Des formations comme tremplins

Formations pour les délégués-élèves
Ces formations restent un maillon utile dans cet apprentissage de la participation : prendre la parole, mettre sur pied un projet et le faire aboutir, cerner leurs droits et devoirs, connaître leurs partenaires, se faire connaître(8) … voilà ce qui proposent nos formations, afin de permettre au Conseil de Participation de chaque école de devenir un lieu privilégié de véritables débats entre tous les partenaires de la communauté éducative.
Depuis 13 ans, l’UFAPEC forme des délégués de classe élèves, dans le cadre de la mise sur pied des Conseils de participation. En effet, outre la formation et l’information destinées aux parents et aux associations de parents, l’UFAPEC s’est donnée pour objectif de former davantage les jeunes, futurs adultes de demain (en écho à notre mission d’éduc perm ;-) qui souhaitaient prendre part aux décisions de leur établissement scolaire. Sous l’impulsion du Ministre Hazette, des dizaines de formations ont été données aux jeunes de 12 à 18 ans, dans toute la communauté française. Le principe de démocratie participative ne s’improvise pas mais nécessite conseils, formation, évaluation permanente, exercice et partage d’expériences(9).
Les subsides offerts tinrent le temps d’une législature. Quelle Politique à long terme offre –t-on à tous ces jeunes qui souhaitent s’investir dans l’école, mais qui trop souvent manquent de connaissances, de compréhension de leur système scolaire ? Leur fonction nécessite aussi un apprentissage sérieux pour arriver à dégager leur avis, le discuter, le défendre, entrer dans un rapport de force avec les décideurs, et enfin pour appliquer les décisions.

La formation des adultes-ressources
Une formation pour les délégués-élèves nécessite aussi parallèlement une formation d’adultes-ressources qui pourront encadrer le conseil des élèves. Cette formation doit situer la participation dans le contexte plus général de l'éducation à la citoyenneté. Elle devrait donner des outils pour (re)travailler le Conseil des élèves comme un véritable projet de l'institution en permettant de revisiter les fondements propres au projet de participation démocratique des étudiants à travers le Conseil des élèves.

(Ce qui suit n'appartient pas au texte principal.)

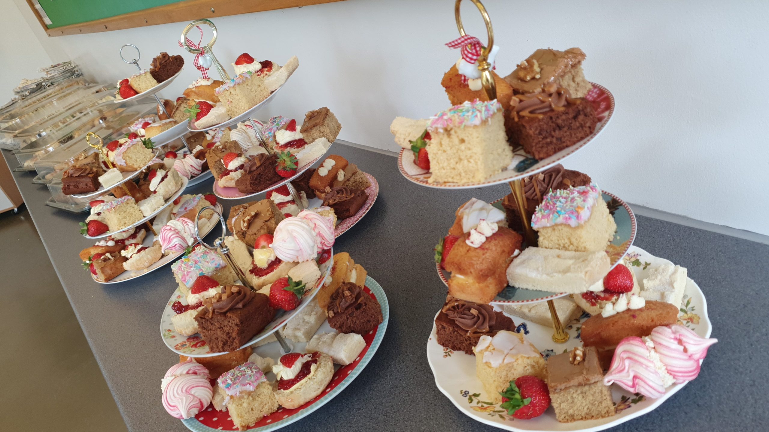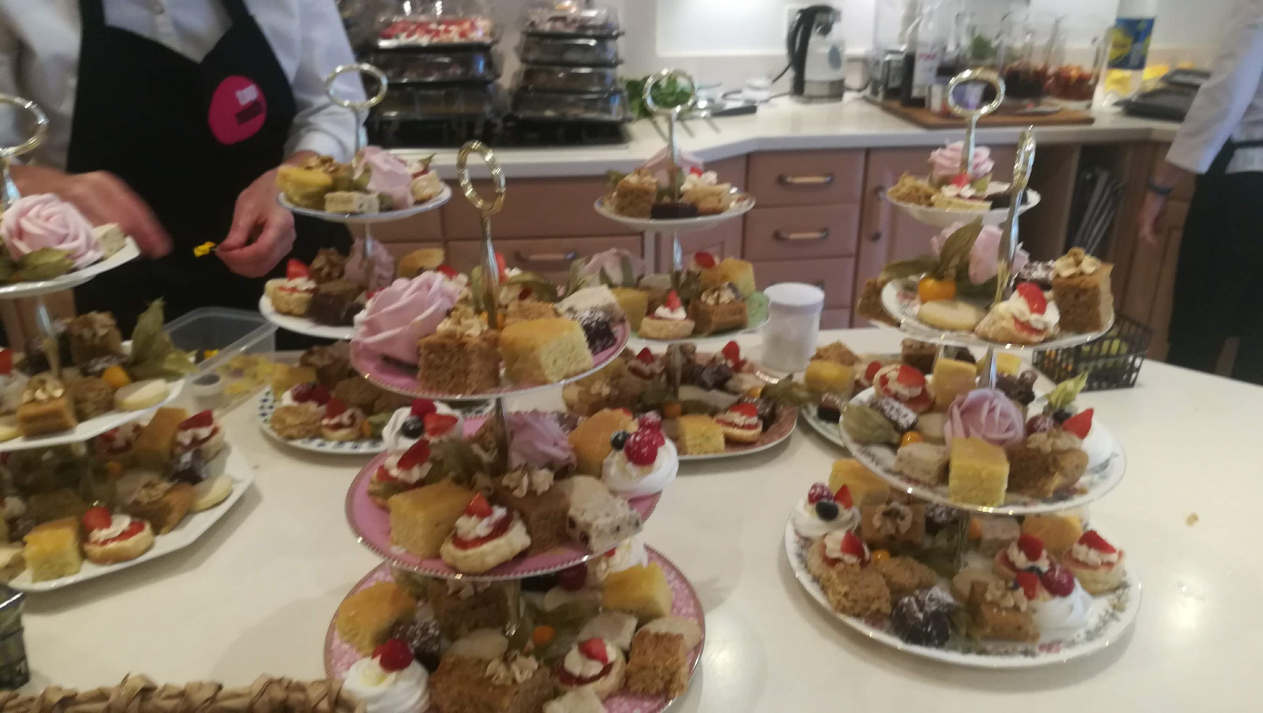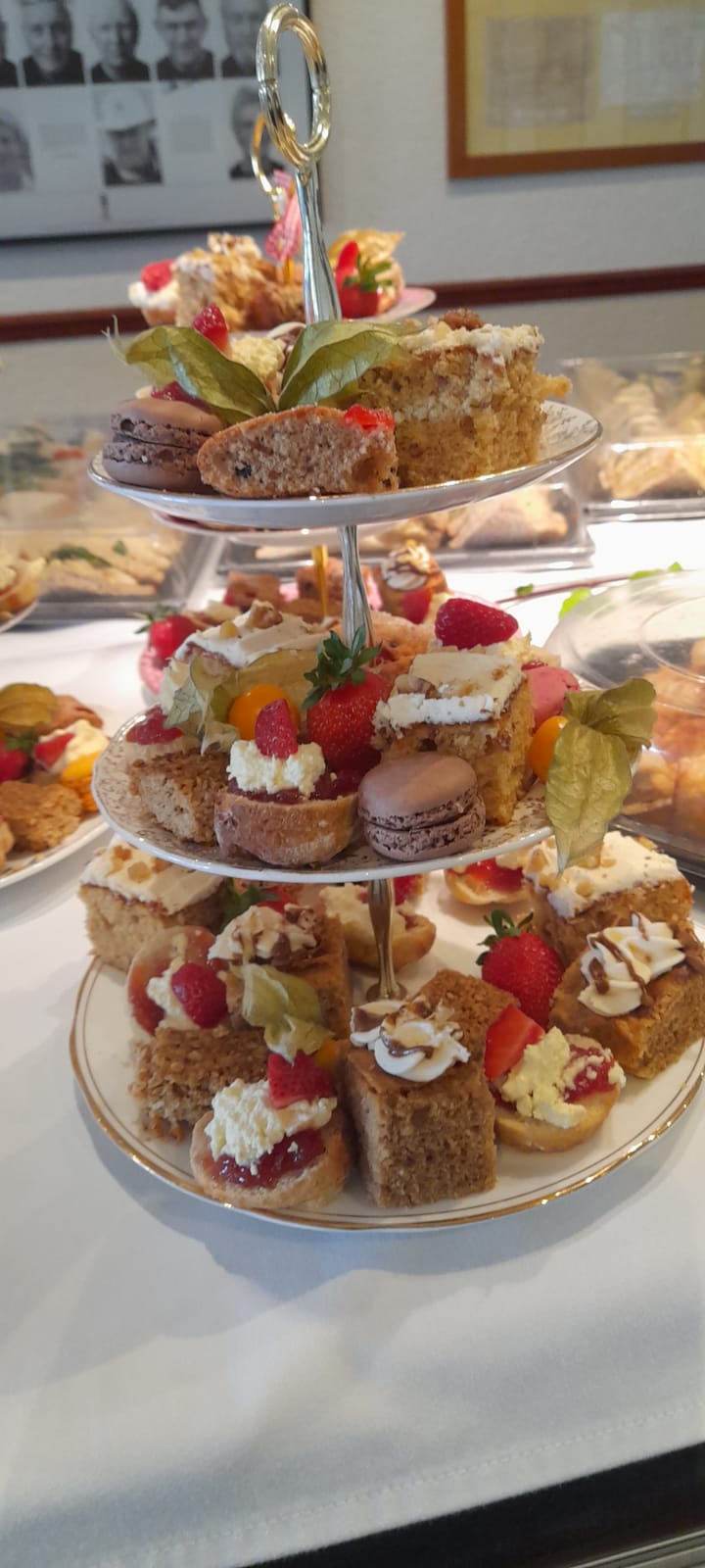 We served a delightful Afternoon Tea for guests at Hansgrohe in Warwick, complete with elegant cake stands and charming details. Our lovely waitstaff presented beautifully arranged stands featuring delicate sandwiches filled with smoked salmon and cream cheese, Coronation chicken, free-range egg mayo, and cream cheese with roasted peppers. The spread also included homemade sausage rolls, smoked salmon blinis with chives, individual quiches, freshly baked scones with clotted cream, and an assortment of cakes.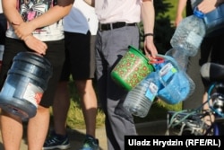 Адна зь іх выстраілася да крыніцы непадалёк ад скрыжаваньня вуліц Лабанка і Гарэцкага. Людзей тут звыш 200. Большасьць з плястыкавымі бутлямі на 5–6 літраў, але ёсьць і са звычайнымі вёдрамі.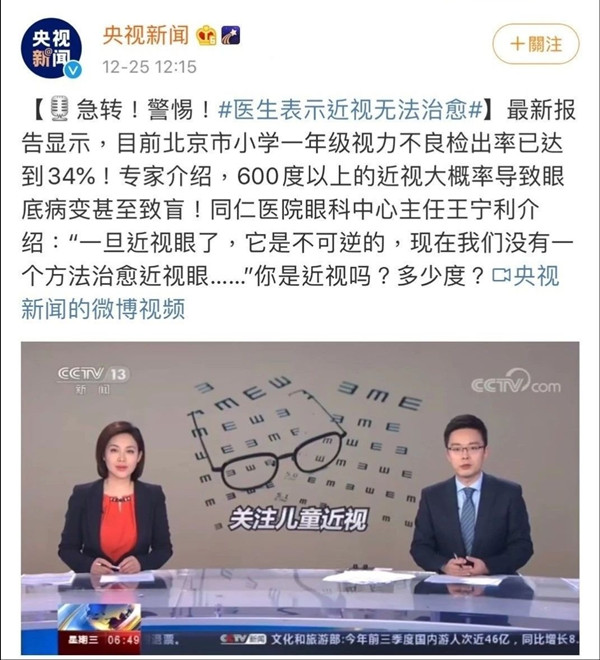 近年來,由于課內(nèi)外負(fù)擔(dān)加重,手機、電腦等電子產(chǎn)品的普及,用眼過度、用眼不衛(wèi)生、缺乏體育鍛煉和戶外活動等因素,我國兒童青少年近視率居高不下、不斷攀升,近視低齡化、重度化日益嚴(yán)重。
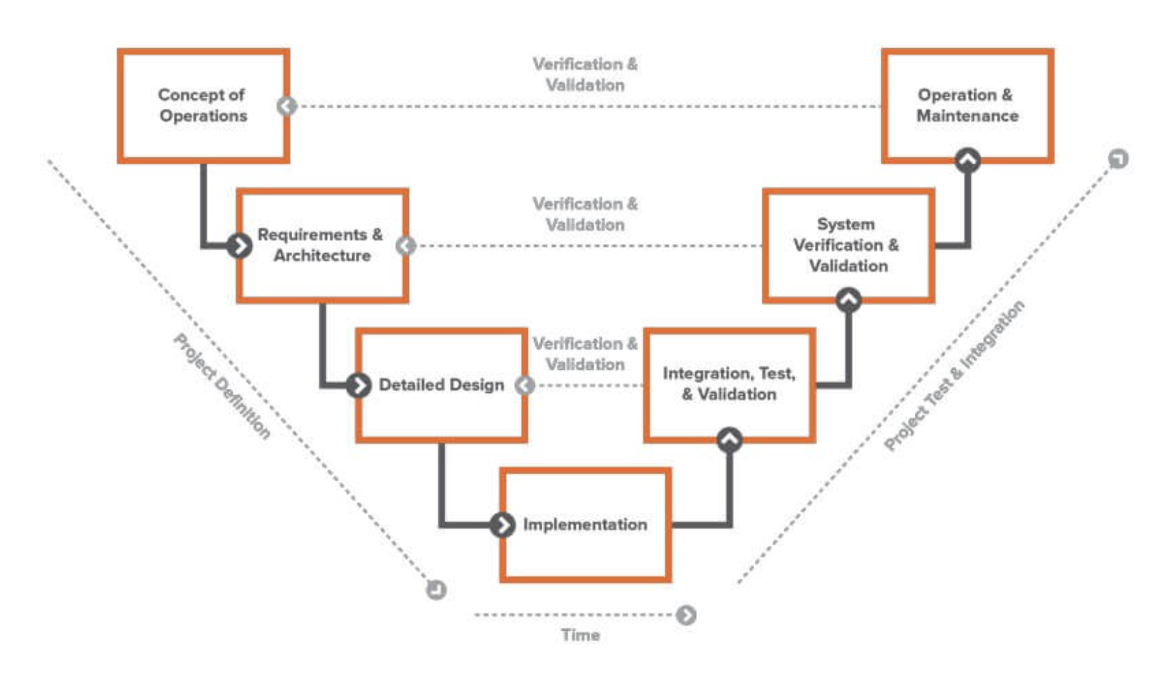 The “V” diagram allows system engineers multiple viewpoints and opportunities to evaluate systems as they integrate with each other. This approach starts with the desired outcomes and objectives and then deconstructs them into individual systems and system components for the purpose of design. Once the requirements and design details are established, individual systems can be tested and evaluated, then integrated into the overall piece for testing and verification. As the systems are integrated and become closer to the final complex system, teams have multiple opportunities to validate and verify concepts, requirements, and design.

L’école est le lieu où les jeunes ont pour une des premières fois affaire à une institution sociale, et à des adultes extérieurs à leur cercle familial. Cette expérience précoce doit être considérée comme un facteur influençant de manière décisive leurs futures attitudes à l’égard de la Politique. Une bonne école pourrait être le lieu où les aptitudes nécessaires pour bien mener sa vie peuvent être acquises. Elle doit donc proposer un espace dans lequel de nombreuses possibilités sont offertes pour le débat politique, ainsi que pour l’acquisition de compétences sociales et démocratiques, de qualifications dont les jeunes auront besoin pour remplir leur futur rôle de citoyens informés, responsables et actifs.

 

Bénédicte Loriers 

 

(1) article 69 §2 à 9
(2) Entre rondes familles et école carrée, le choc ?!, par Danielle Mouraux, in www.changement-egalite.be.
(3)Vers une citoyenneté critique et responsable, Cécile GOUZEE, Programme Jeunesse Fondation Roi Baudouin.
(4)Enquête sur la participation des enfants et des jeunes de 10 à 18 ans, avril 2007, enquête de l’observatoire de l’enfance, de la jeunesse et de l’aide à la jeunesse de la Communauté Française, p.186.
(5)Extrait de la conclusion du rapport final de l’enquête sur la participation des enfants et des jeunes de 10 à 18 ans, avril 2007, enquête de l’observatoire de l’enfance, de la jeunesse et de l’aide à la jeunesse de la Communauté Française, p.186.
(6)typologie in « éducation à la citoyenneté démocratique. L’école : une communauté d’apprentissage de la démocratie. Etude Paneuropéenne sur la participation des élèves. »
(7) « Education à la citoyenneté démocratique 2001-2004. L’école : une communauté d’apprentissage de la démocratie. Etude Paneuropéenne sur la participation des élèves. », par Dr Karlheinz Dürr.
(8) Fascicule « Formations délégués-élèves UFAPEC ».
(9)Extrait de la circulaire n°00525 de la Communauté Française du 20 mai 2003.